单细胞代码解析-妇科癌症单细胞转录组及染色质可及性分析1:https://cloud.tencent.com/developer/article/2055573
单细胞代码解析-妇科癌症单细胞转录组及染色质可及性分析2:https://cloud.tencent.com/developer/article/2072069
单细胞代码解析-妇科癌症单细胞转录组及染色质可及性分析3:https://cloud.tencent.com/developer/article/2078159
单细胞代码解析-妇科癌症单细胞转录组及染色质可及性分析4:https://cloud.tencent.com/developer/article/2078348
单细胞代码解析-妇科癌症单细胞转录组及染色质可及性分析5:https://cloud.tencent.com/developer/article/2084580
代码解析
代码语言:javascript复制# Part 4: SingleR cell typing
###########################################################
# SingleR labeling of celltypes
##########################################################################
##开始进行单细胞的细胞注释
##SingleR里面自带了数据集,依托于人类和小鼠的注释内容进行细胞注释
##构建S4对象
rna.sce <- as.SingleCellExperiment(rna)
# Set reference paths:
# Wang et al. GSE111976
ref.data.counts <- readRDS("./GSE111976_ct_endo_10x.rds")
meta <- read.csv("./GSE111976_summary_10x_day_donor_ctype.csv")
rownames(meta) <- meta$X
length(which(rownames(meta) == colnames(ref.data.counts)))
ref.data.endo <- CreateSeuratObject(ref.data.counts,meta.data = meta)
Idents(ref.data.endo) <- "cell_type"
ref.data.endo <- NormalizeData(ref.data.endo)
# SingleR annotation
#####################################################
##读取内置数据集
# Read in reference datasets for SingleR annotation
# 1) Slyper et al. Nat. Medicine 2020 scRNA-seq ovarian tumor
ref.data.endo <- as.SingleCellExperiment(ref.data.endo)
# 2) Human Primary Cell Atlas Data (microarray)
ref.data.HPCA <- readRDS("./HPCA_celldex.rds")
#
# # 3) BluePrint Encode (bulk RNA-seq)
ref.data.BED <- readRDS("./BluePrintEncode_celldex.rds")
# 2) Single-cell level label transfer:
##SingleR:单细胞细胞类型定义工具
predictions.HPCA.sc <- SingleR(test=rna.sce, assay.type.test="logcounts", assay.type.ref="logcounts",
ref=ref.data.HPCA, labels=ref.data.HPCA$label.main)
predictions.BED.sc <- SingleR(test=rna.sce, assay.type.test="logcounts", assay.type.ref="logcounts",
ref=ref.data.BED, labels=ref.data.BED$label.main)
# Use de.method wilcox with scRNA-seq reference b/c the reference data is more sparse
predictions.endo.sc <- SingleR(test=rna.sce, assay.type.test="logcounts", assay.type.ref="logcounts",
ref=ref.data.endo, labels=ref.data.endo$cell_type,de.method = "wilcox")

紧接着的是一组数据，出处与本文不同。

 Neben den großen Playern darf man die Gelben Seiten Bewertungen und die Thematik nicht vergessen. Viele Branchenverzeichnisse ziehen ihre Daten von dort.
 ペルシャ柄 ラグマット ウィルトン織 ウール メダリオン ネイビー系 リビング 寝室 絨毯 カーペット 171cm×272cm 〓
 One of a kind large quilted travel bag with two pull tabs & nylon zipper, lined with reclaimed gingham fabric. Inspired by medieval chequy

rna$SingleR.HPCA <- predictions.HPCA.sc$pruned.labels
rna$SingleR.BED <- predictions.BED.sc$pruned.labels
rna$SingleR.endo <- predictions.endo.sc$pruned.labels
# Save Seurat object
#date <- Sys.Date()
saveRDS(rna,paste0(SAMPLE.ID,"_scRNA_processed.rds"))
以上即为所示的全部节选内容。